§ **Your assignment**:
Everything below from the line with "Washcoat loss of" through the line with "Οι πανηγυρικές και" must be retyped exactly, except the pictures.

§ **Dataset section**:
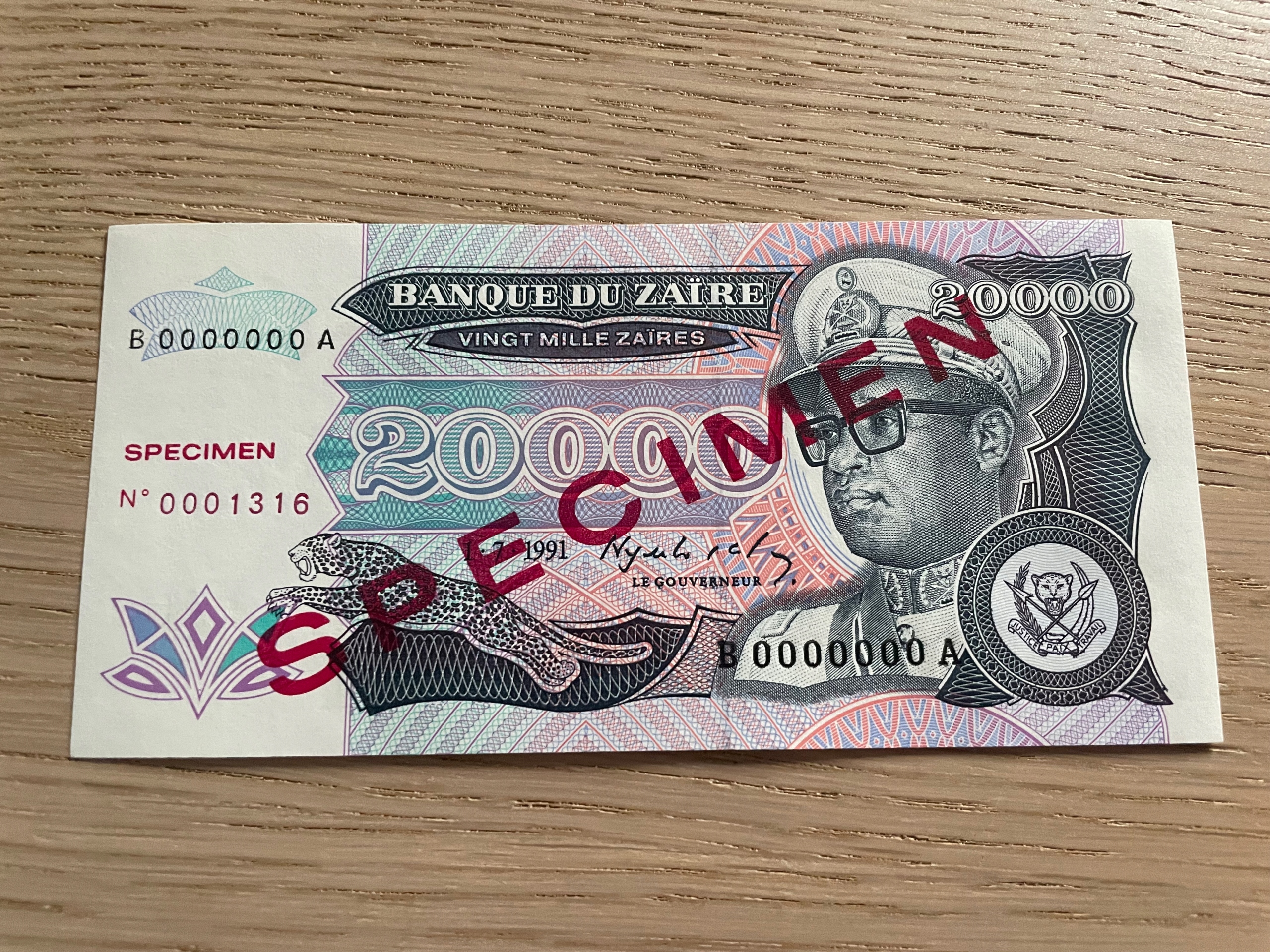 Zair - 20000 zairów - 1991 - specimen - UNC
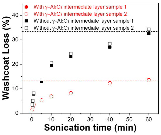 Washcoat loss of Pt/γ-Al2O3 catalyst with and without the γ-Al2O3 intermediate layer on STS-444 substrate.
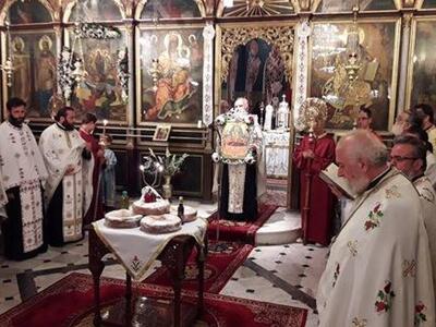 Οι πανηγυρικές και λατρευτικές εκδηλώσεις κορυφώθηκαν σήμερα με λαμπρή Αρχιερατική Θεία Λειτουργία, της οποίας προεξήρχε ο Σεβασμιώτατος Μητροπολίτης Βρεσθένης κ. Θεόκλητος, με τους πιστούς τής Αιγιάλειας (και όχι μόνο) να κατακλύζουν τον Ιερό Ναό και τον αύλειο χώρο του.
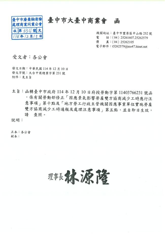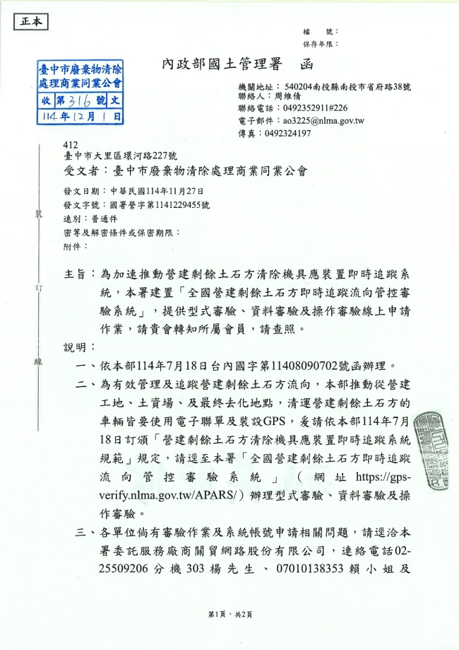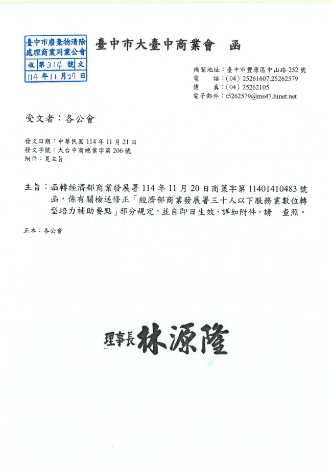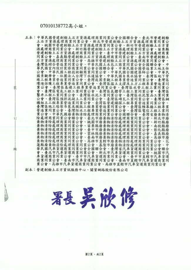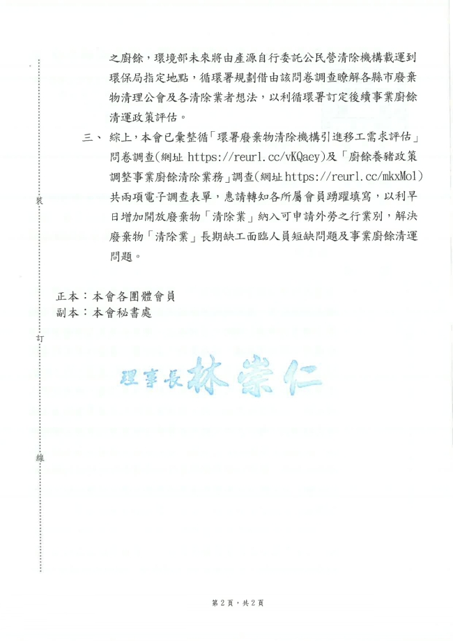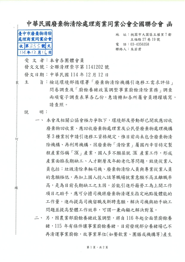 - 115.01.10 本會參加基隆市廢棄物清除處理商業同業公會召開:第10屆第2次會員大會。參加人員:丁民杰理事長、陳家琪秘書長

§ **Task output**:
 Washcoat loss of Pt/γ-Al2O3 catalyst with and without the γ-Al2O3 intermediate layer on STS-444 substrate.
 Οι πανηγυρικές και λατρευτικές εκδηλώσεις κορυφώθηκαν σήμερα με λαμπρή Αρχιερατική Θεία Λειτουργία, της οποίας προεξήρχε ο Σεβασμιώτατος Μητροπολίτης Βρεσθένης κ. Θεόκλητος, με τους πιστούς τής Αιγιάλειας (και όχι μόνο) να κατακλύζουν τον Ιερό Ναό και τον αύλειο χώρο του.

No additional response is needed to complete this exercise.